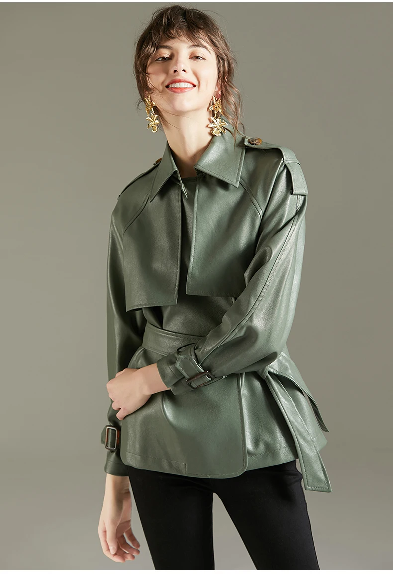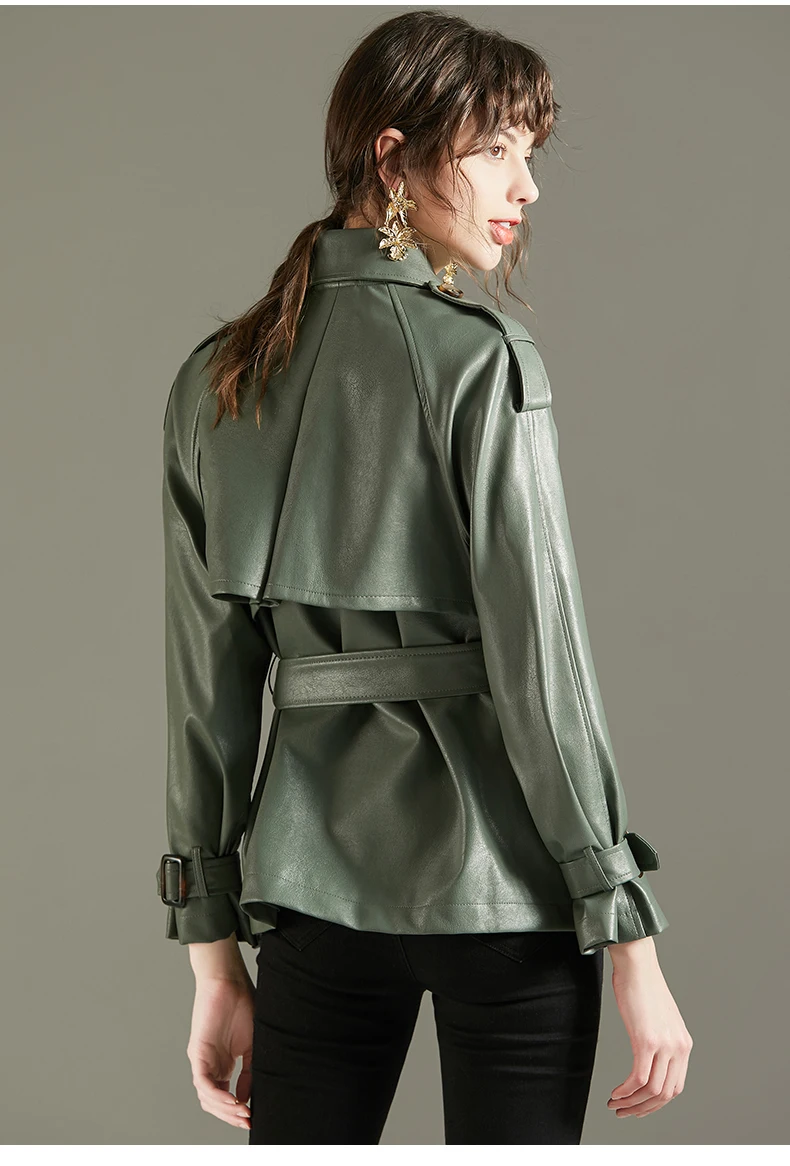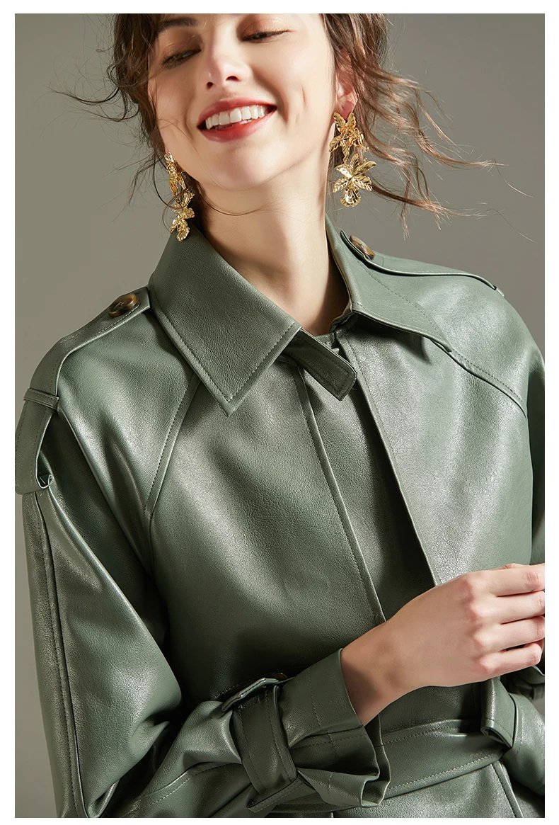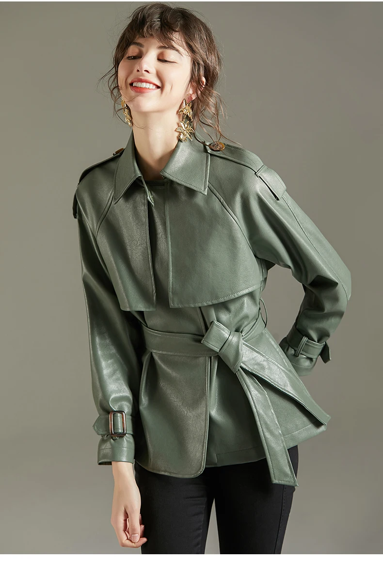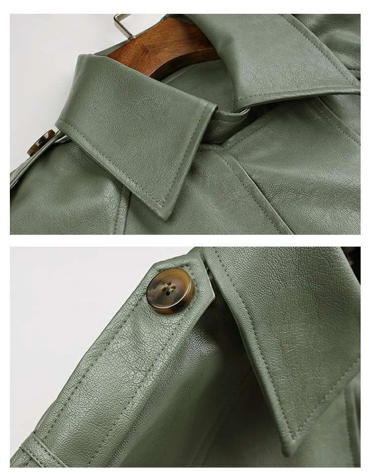 deanwangkt Spring Autumn Lapel Faux Leather Jacket Women Green PU Coat Simplicity Loose Jackets Office Lady Outwear With Belt
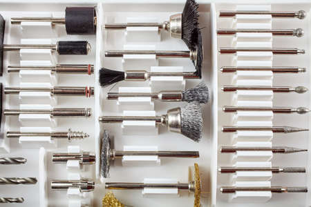 box with accessories for processing and engraving next to an electric tool. hobby and creativity.
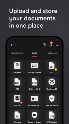 EASY APPLY ~ ALL YOUR DOCS IN ONE PLACE Upload and securely store your docs, qualifications and vehicles to show businesses your credentials and skills.
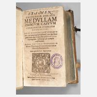 Examen theologiae moralis medulla omnium casuum ... authore Antonio Fernandes de Moure, sumptibus Petri Henningii, Coloniae Agrippinae, Format kl. 8°, 8 Blätter, 1142 S. und 9 Blätter, mit wenigen Vignetten, Grünschnitt, in Ledereinband, auf vier Bünden mit sehr dekorativer Deckelprägung und zwei intakten Messingschließen, stark gebräuntes Exemplar mit einigen Besitzerkennzeichen.
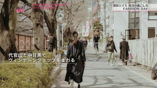 エイミさんの休日の過ごし方には、2つのパターンが。ひとつ目は、何も予定せずに家を出て、感性のおもむくまま歩く日。ひとまず表参道へ出てから、代官山、中目黒へ。気づくと4、5時間歩いていることもあるといいます。「途中でごはんを食べたり、セリーヌや、サンローランへ行ったり。代官山と中目黒に好きなビンテージショップが何軒かあるので、そこにも立ち寄ります。最後に足りないものを買いに、渋谷でAmerican ApparelやZARAへ」。
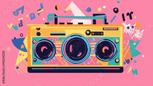 Fototapeta premium A colorful boombox sits in the center, surrounded by neon musical notes and geometric patterns, evoking a lively, retro vibe
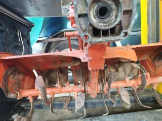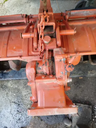 Rotovator de color naranja, diseñado para minitractores. Ideal para preparar la tierra. - Estructura robusta. - Enganche para minitractor.

Your task: Each line above should be returned exactly as it stands, minus any pictures.

Solution:
 deanwangkt Spring Autumn Lapel Faux Leather Jacket Women Green PU Coat Simplicity Loose Jackets Office Lady Outwear With Belt
 box with accessories for processing and engraving next to an electric tool. hobby and creativity.
 EASY APPLY ~ ALL YOUR DOCS IN ONE PLACE Upload and securely store your docs, qualifications and vehicles to show businesses your credentials and skills.
 Examen theologiae moralis medulla omnium casuum ... authore Antonio Fernandes de Moure, sumptibus Petri Henningii, Coloniae Agrippinae, Format kl. 8°, 8 Blätter, 1142 S. und 9 Blätter, mit wenigen Vignetten, Grünschnitt, in Ledereinband, auf vier Bünden mit sehr dekorativer Deckelprägung und zwei intakten Messingschließen, stark gebräuntes Exemplar mit einigen Besitzerkennzeichen.
 エイミさんの休日の過ごし方には、2つのパターンが。ひとつ目は、何も予定せずに家を出て、感性のおもむくまま歩く日。ひとまず表参道へ出てから、代官山、中目黒へ。気づくと4、5時間歩いていることもあるといいます。「途中でごはんを食べたり、セリーヌや、サンローランへ行ったり。代官山と中目黒に好きなビンテージショップが何軒かあるので、そこにも立ち寄ります。最後に足りないものを買いに、渋谷でAmerican ApparelやZARAへ」。
 Fototapeta premium A colorful boombox sits in the center, surrounded by neon musical notes and geometric patterns, evoking a lively, retro vibe
 Rotovator de color naranja, diseñado para minitractores. Ideal para preparar la tierra. - Estructura robusta. - Enganche para minitractor.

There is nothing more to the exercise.